Unit 2 - Trigonometry Flashcards
What are the trigonometric ratios, and what type of triangle do they work for?
2.1
Acronym: SOH CAH TOA
Sin θ = Opp/Hyp
Cos θ = Adj/Hyp
Tan θ = Opp/Adj
RATIOS CAN ONLY BE USED FOR RIGHT ANGLES
θ = Unknown angle (x but for angles)
Hypotenuse = across from 90 degree angle (longest side)
Opposite = across from theta
Adjacent = next to angle (remaining side)
How to solve trig problems (solve for a side length with another side length and an angle)?
2.1
- Complete the context (label sides)
*Note: If this step is incorrect, the whole problem will be incorrect - Choose the appropriate ratio (either SIN/COS/TAN)
- Solve for unknown
*Make sure your calculator is in degrees
3a.

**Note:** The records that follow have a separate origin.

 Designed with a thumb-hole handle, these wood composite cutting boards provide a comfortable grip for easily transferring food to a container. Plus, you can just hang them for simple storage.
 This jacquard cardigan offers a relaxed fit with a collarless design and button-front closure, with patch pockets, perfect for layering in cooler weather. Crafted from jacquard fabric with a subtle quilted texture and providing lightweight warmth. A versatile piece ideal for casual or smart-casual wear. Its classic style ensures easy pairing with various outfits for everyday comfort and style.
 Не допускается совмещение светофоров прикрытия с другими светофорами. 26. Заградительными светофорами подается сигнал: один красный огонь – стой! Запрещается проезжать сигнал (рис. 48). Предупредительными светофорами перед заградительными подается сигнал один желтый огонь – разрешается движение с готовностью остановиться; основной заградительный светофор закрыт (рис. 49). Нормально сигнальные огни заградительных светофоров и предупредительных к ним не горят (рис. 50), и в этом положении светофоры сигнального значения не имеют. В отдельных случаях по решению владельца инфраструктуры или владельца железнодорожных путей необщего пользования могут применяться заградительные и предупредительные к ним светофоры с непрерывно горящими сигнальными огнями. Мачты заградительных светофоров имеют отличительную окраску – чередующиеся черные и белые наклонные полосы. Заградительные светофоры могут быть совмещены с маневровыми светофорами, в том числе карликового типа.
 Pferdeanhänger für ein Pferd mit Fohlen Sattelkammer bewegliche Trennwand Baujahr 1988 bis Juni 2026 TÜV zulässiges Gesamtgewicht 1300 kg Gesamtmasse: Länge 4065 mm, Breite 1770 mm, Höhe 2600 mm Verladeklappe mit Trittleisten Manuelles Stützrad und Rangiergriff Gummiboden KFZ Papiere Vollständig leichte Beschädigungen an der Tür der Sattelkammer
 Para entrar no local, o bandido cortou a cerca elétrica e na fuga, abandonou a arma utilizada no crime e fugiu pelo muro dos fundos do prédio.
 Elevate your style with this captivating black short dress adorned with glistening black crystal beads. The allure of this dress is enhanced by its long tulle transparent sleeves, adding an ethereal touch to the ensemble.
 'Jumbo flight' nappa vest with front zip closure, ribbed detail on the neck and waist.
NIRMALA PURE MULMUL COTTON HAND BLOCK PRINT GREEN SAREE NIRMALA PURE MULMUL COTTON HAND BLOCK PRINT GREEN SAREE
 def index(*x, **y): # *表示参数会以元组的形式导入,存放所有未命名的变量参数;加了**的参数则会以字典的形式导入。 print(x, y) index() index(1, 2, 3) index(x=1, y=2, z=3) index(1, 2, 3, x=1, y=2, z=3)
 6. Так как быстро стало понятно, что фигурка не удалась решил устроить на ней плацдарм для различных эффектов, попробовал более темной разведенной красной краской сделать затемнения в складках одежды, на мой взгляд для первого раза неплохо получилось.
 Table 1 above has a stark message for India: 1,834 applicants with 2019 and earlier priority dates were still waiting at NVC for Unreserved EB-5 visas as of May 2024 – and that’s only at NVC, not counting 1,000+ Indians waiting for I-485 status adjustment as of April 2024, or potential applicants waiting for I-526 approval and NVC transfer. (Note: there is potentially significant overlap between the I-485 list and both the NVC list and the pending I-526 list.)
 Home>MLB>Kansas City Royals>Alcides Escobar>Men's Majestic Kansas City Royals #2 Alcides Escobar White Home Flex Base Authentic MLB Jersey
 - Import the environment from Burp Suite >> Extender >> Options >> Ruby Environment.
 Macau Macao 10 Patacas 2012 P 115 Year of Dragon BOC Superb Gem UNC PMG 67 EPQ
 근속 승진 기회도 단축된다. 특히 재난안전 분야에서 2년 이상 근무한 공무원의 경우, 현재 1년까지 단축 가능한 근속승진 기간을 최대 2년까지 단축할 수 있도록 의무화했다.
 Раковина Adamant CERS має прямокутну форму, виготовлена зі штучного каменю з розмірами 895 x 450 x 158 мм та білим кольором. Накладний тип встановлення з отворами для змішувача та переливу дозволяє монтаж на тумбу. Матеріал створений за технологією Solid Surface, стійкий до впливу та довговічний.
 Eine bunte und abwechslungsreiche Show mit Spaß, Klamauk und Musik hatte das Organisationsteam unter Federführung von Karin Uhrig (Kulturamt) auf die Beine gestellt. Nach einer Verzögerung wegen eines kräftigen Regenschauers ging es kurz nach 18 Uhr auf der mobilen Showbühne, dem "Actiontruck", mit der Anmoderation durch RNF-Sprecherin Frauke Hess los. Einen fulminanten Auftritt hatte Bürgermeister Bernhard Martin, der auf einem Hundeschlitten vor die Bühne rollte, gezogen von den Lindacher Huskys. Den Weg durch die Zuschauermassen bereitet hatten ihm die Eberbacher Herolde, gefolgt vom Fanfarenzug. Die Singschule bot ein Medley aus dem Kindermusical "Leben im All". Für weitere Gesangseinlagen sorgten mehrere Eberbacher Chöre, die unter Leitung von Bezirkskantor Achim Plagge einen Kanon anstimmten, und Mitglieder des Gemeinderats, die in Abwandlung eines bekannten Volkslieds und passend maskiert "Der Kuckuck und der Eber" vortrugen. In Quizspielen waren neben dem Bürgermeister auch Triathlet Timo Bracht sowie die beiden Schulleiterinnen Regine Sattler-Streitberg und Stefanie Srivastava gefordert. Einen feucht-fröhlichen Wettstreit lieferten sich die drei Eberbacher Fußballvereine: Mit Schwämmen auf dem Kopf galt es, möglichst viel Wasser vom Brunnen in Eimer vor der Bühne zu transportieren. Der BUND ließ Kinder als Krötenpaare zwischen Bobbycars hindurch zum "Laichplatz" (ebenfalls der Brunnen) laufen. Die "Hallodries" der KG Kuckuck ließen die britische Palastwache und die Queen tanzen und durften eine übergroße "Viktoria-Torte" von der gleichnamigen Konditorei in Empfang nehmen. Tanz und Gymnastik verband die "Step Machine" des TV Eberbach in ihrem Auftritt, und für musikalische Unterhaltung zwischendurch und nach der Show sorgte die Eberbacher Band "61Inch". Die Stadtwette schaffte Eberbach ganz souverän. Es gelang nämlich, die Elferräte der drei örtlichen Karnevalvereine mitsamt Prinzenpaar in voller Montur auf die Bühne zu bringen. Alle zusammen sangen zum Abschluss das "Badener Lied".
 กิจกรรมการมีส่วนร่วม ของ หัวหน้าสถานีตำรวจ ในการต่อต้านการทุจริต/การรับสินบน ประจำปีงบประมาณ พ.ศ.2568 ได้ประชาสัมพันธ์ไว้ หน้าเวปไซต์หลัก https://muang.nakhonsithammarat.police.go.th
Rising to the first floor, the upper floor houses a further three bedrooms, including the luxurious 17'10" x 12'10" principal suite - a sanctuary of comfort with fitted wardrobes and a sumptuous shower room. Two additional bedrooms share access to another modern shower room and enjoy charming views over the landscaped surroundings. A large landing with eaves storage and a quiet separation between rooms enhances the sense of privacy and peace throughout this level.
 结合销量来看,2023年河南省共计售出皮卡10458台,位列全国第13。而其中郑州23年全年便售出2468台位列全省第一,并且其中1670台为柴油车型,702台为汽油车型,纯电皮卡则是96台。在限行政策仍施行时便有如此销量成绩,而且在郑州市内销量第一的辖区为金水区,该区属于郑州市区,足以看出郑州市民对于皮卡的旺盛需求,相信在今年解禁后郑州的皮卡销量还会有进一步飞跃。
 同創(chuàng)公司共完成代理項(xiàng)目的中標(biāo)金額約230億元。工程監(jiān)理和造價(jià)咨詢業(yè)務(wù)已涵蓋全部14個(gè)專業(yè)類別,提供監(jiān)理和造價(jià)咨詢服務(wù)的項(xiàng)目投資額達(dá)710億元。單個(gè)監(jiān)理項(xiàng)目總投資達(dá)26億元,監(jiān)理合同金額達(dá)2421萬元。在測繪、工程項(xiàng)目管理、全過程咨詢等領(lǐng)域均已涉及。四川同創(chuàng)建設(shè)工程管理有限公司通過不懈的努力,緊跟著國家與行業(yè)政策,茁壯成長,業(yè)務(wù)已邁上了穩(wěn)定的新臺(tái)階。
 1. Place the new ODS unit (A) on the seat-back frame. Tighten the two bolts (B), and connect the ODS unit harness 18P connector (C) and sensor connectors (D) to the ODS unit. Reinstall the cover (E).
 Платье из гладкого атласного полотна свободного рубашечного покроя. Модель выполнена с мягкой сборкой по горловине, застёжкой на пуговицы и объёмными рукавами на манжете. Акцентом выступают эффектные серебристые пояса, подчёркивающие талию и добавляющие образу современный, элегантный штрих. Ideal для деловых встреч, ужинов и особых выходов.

Substitute
3b. Isolate variable
3c. Solve
3d. Round
To solve for a triangle means:
2.2
to solve for every length and every angle in a triangle
How to find angles?
2.2
1 Complete the context (label sides)
2. Choose the appropriate ratio (either SIN/COS/TAN)
3. Write out ratio of theta: Ratio θ = __/__
4. Multiply both sides by the inverse of that ratio to get rid of it: Ratio -1 x Ratio θ = (__/___) x Ratio -1
*May also be able to use Pythagorus theorum, a^2 + b^2 = c^2, (Note: Hypotenouse is always C).
Or, all angles add up to 180, so if you have 90 degrees and another known angle, you can solve for the final one.
Isosceles triangles
2.3
- If you have an isosceles triangle, it is equal, and you can draw a line down the middle and make two right angled triangles
Circles
Tangents
2.3
- If you have two radius (middle of circle to edge) as long as they are the same side of the circle, when you connect them you get a cord. If you have a cord, you can connect them back to the center of the cirlce.
- Tangent: a line that hits the outside of a circle at one particular spot at 90 degrees to the center of the circle. Tangent means you can create a right angle triangle.
How to problem solve?
2.3
- Draw a diagram
- Complete the context (label sides)
- Locate the right angle
- Choose an appropriate ratio (Sin/Cos/Tan)
- Solve for unknown
- *Write answer in sentence form
3D problem solving
2.4
- Use the same trigonometric ratios (Sin/Cos/Tan) and Pythagorus theorem (a^2+b^2=c^2, where c is the hypotenuse) to find diagonals of shapes
What is the sine rule and when do we use it?
2.5
Sin A/a = Sin B/b = Sin C/c
OR a/Sin A = B/Sin b = C/Sin c
To use the Sine rule, one complete set of information is required (Sin A & a or Sin B & b or Sin C & c), plus another side length or angle
The variable representing the letter represents the opposite side length
What are the cos rules and when do you use them?
2.6
a^2 = b^2 + c^2 - 2bc cos A
b^2 = a^2 + c^2 - 2ac Cos B
c^2 = a^2 + b^2 - 2ab Cos C
- You need two side lengths and an angle in between (S.A.S) to solve for the third length
Cos A = (b^2 + c^2 - a^2)/2bc
- All 3 side lengths are required for this rule